Canyonlands Health Care Special Service District (CHCSSD) board chairman Doug Fix said that Bee Hive Homes is advancing its year-old plans to build the facility on district-owned property behind the Grand Center.
“They have signed a contract to purchase the property, and they are moving forward,” Fix said July 7.
Bee Hive Homes co-owner Dennis Toland said his company has already put down “earnest money” for the 2.5-acre property. It’s now hoping to start work on the residential-style facility some time this fall.
“If we get our wish, that would be our target date,” Toland said July 8.
The Boise, Idaho-based company still has to fine-tune its plans with the city of Moab, the CHCSSD and other entities, although Toland said he doesn’t expect that will be a problem.
“Moab has been wonderful to work with,” he said.
Canyonlands Care Center Administrator Roy Barraclough said the facility would likely be developed in two phases, as originally proposed last year.
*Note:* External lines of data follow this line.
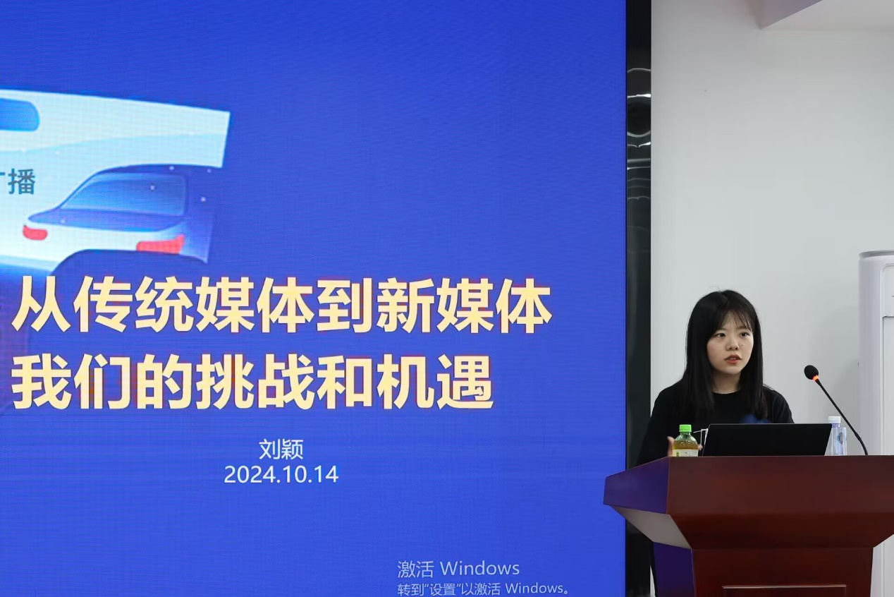 2024年10月19日下午,英国365集团传媒教育论坛第九期顺利开讲。此次论坛邀请到2015级校友、中央广播电视总台中国交通广播FM94.8新媒体编辑刘颖,她为2024级广播电视编导及网络与新媒体专业的学生带来了一场主题为“机遇与挑战——从传统媒体到新媒体”的讲座。英国365集团副院长谭辉煌、广播电视编导专业教师段婷婷出席论坛。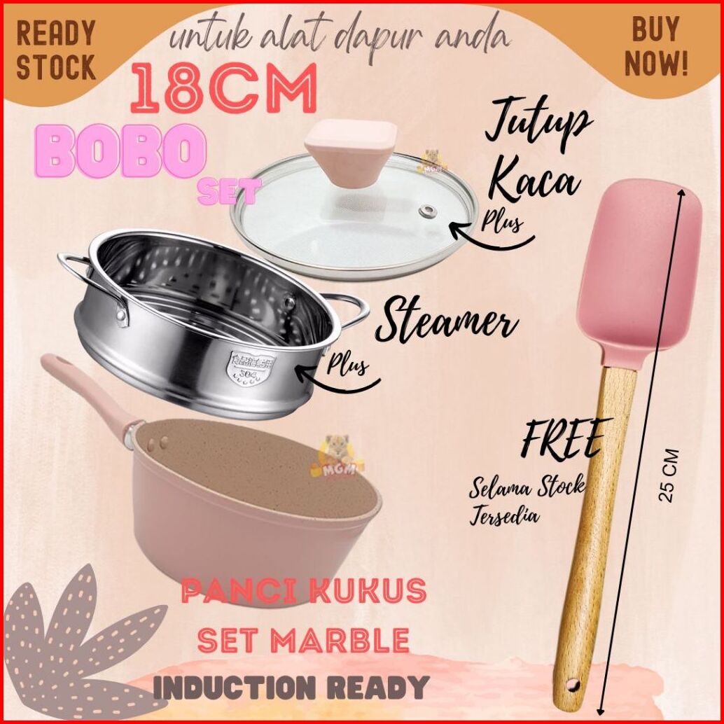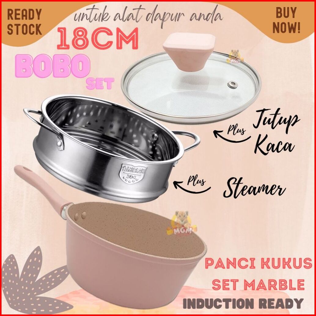 Bobo Set 18cm Panci Susu Marble With Kukusan Dan Tutup Induction Ready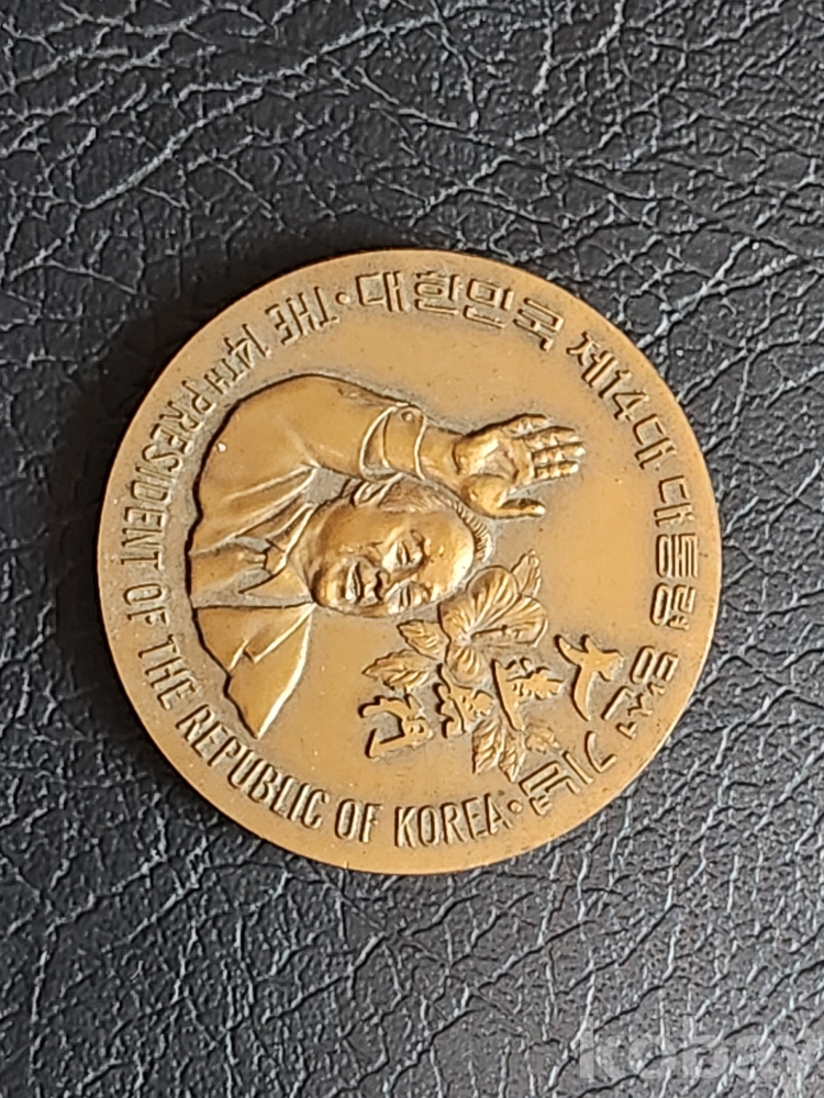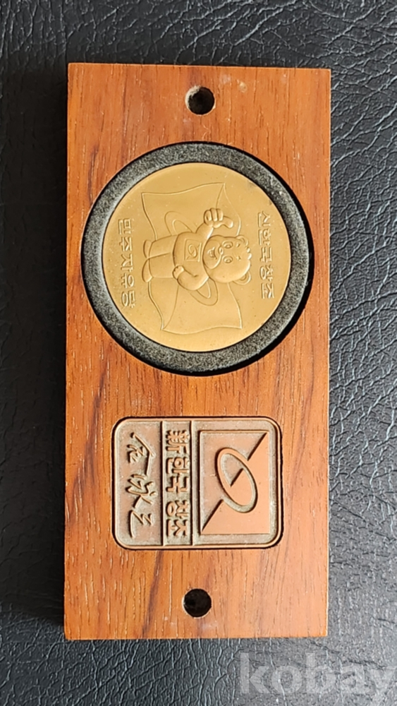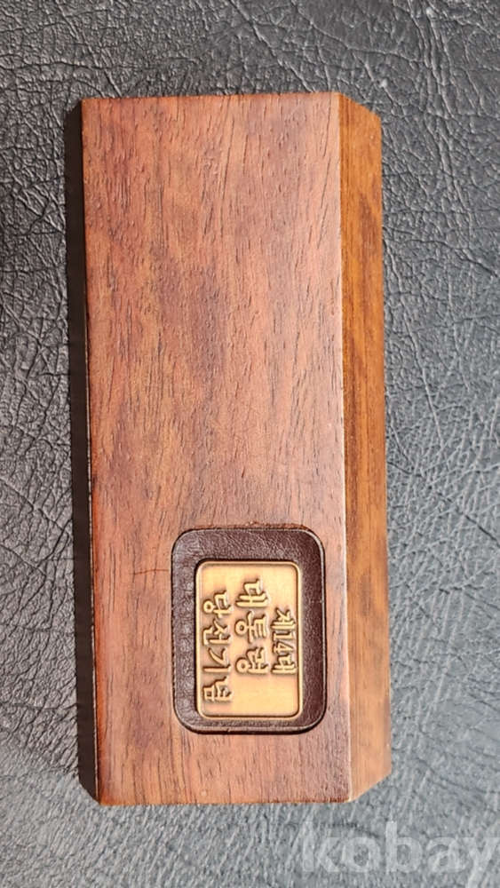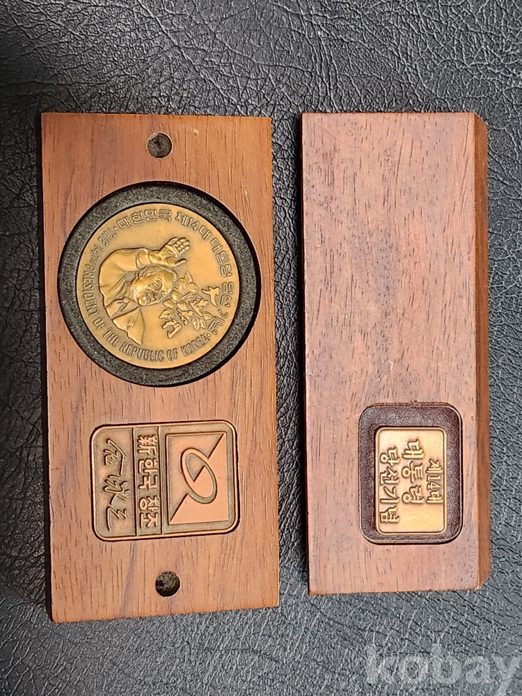 제14대 김영삼 대통령 당선기념 수집품 원목에 황동조합 구성이며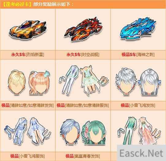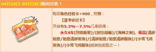 活动期间,凡购【角色经验卡+900】,附赠逢考必过卡,有机会得永久S车【烈焰新星】/【时空战舰】/【海神之刺】、极品【清辞如意/如意清辞发饰】/【清辞如意/如意清辞服饰】/【小雪飞鸿发饰】/【小雪飞鸿服饰】或其他奖励之一!
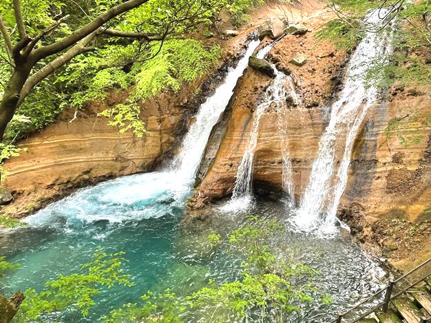 原生林が残る黒岳の森の中、木々の間を通る遊歩道を抜け、木で作られた橋を越えると、こんこんと湧き出る、透明度の超高い薄いブルーをした湧水群です。湧水は、湧出量が1日約2万トン。多くのミネラルを含んだまろやかでおいしい軟水は「日本名水百選」にも選ばれています。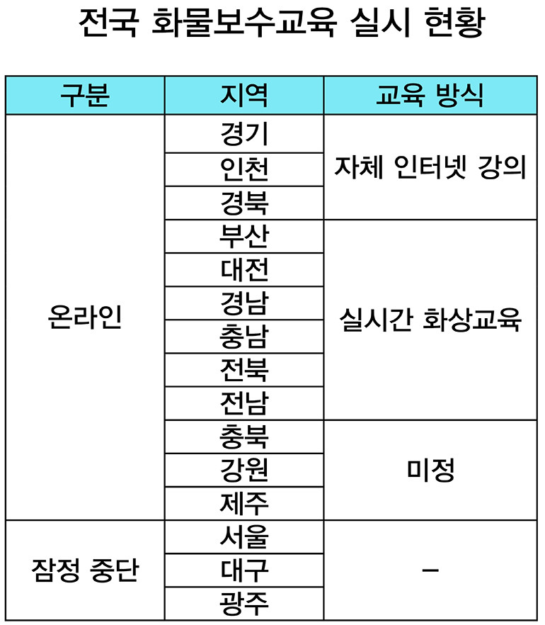 한편 대부분의 지역이 11월~12월까지 온라인 교육을 계획한 가운데 전라북도와 전라남도는 추후 코로나19 대책에 따라 오프라인 교육을 재개한다는 계획이다. 특히 전라북도는 현재 10월 교육에 한해 오프라인 교육 신청을 받고 있다.

“I’m pretty sure that there have been no substantive changes to the project,” Barraclough said July 9.
Toland told the CHCSSD’s board in May 2013 that Bee Hive would build a second 16-unit home on the site two to four years after the first phase is finished.
The idea for an assisted living home in Moab first arose as Toland’s company prepared to break ground on a similar project in Grand Junction, Colorado. At the time, Toland said he heard from Moab-area transplants who were eager to return to Grand County.
“I met several families over there who want to come home,” he told The Times-Independent last year.
In addition to its brand-new facility in Grand Junction, the company owns 50 assisted living homes throughout Utah, and it has similar facilities in 13 other states.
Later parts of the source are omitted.